Hemodynamic Response to Exercise in HFpEF Patients After Upregulation of SERCA2a

Hemodynamic Response to Exercise in Heart Failure With Preserved Ejection Fraction (HFpEF) Patients After Upregulation of SERCA2a

Heart failure with preserved ejection fraction or HFpEF, represents nearly 50% of all heart failure cases and is particularly common in the elderly. The disease has no current treatment options. Symptoms typically occur during exertion or exercise and is likely the result of increased cardiac and pulmonary congestion as a result of impaired diastolic function. Istaroxime is a novel activator of SERCA2a, an important regulator of calcium uptake within the myocyte. We will test the hypothesis that Istaroxime will improve diastolic function during exercise in HFpEF patients which in turn will reduce cardiac and pulmonary congestion.

Study Overview

• Status: Completed
• Conditions: Heart Failure, Congestive
• Intervention / Treatment: Other: Exercise; Drug: Istaroxime

Detailed Description

About half of all elderly patients with a diagnosis of congestive heart failure have apparently normal systolic function, so called "heart failure with a preserved ejection fraction" or HFpEF. To date, no effective therapy for HFpEF has been found, in part because of failure to discern key pathophysiologic pathways.
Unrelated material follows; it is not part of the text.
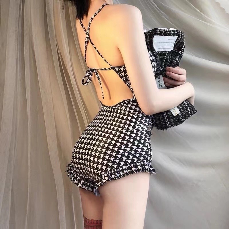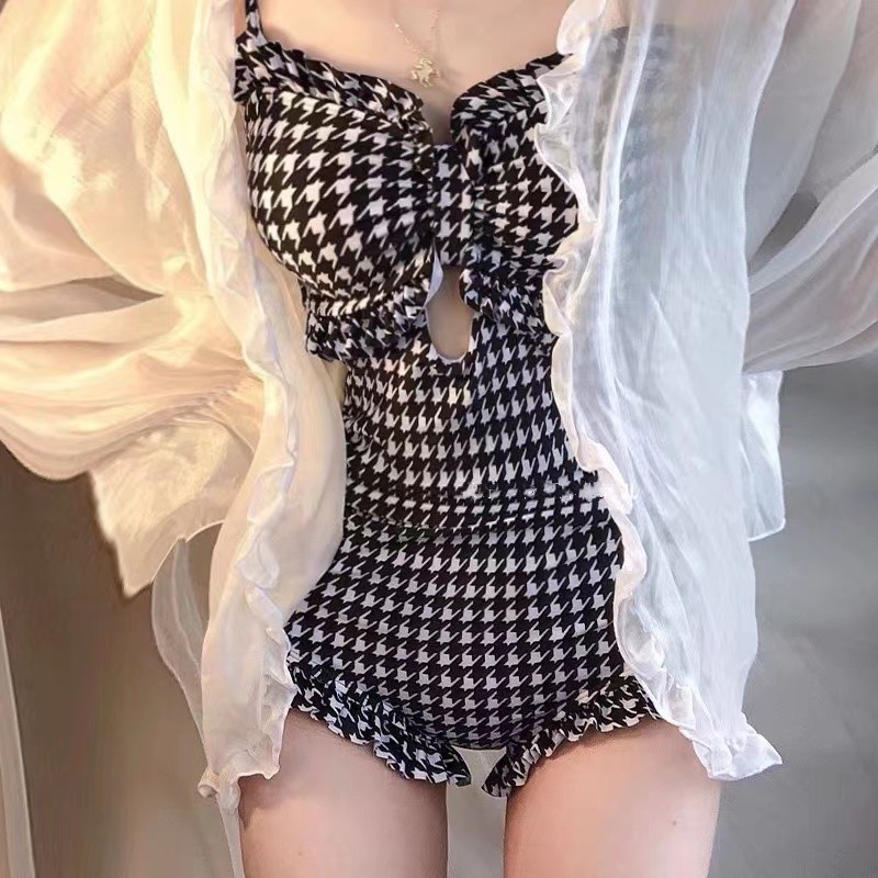 性感露背木耳边小胸千鸟格三角连体遮肚显瘦度假温泉泳衣女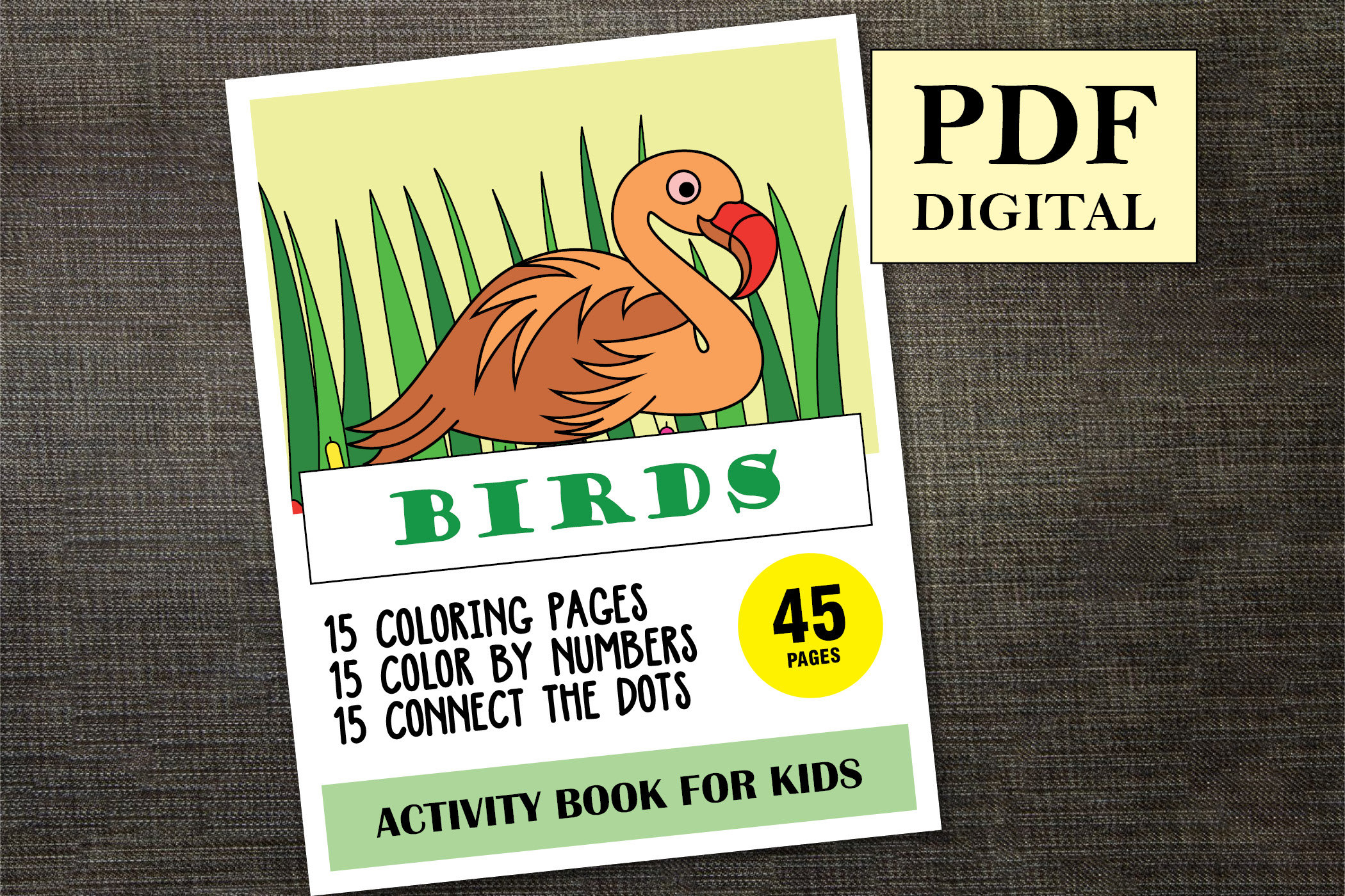 Birds Activity Book for Kids - Coloring, Connect the Dots, and Color By Numbers Pages

An extensive amount of pre-clinical work has identified that altered sarcoplasmic reticulum (SR) Ca2+ uptake, storage, and release play a major role in the changes in cardiac relaxation associated with aging, especially regarding sequestration of Ca++ by the sarcoplasmic reticular Ca++-ATPase (SERCA2a), which causes cardiac muscle relaxation by reducing cytosolic Ca++. Istaroxime is a relatively new drug that augments lusitropic function by upregulating SERCA2a activity in the heart.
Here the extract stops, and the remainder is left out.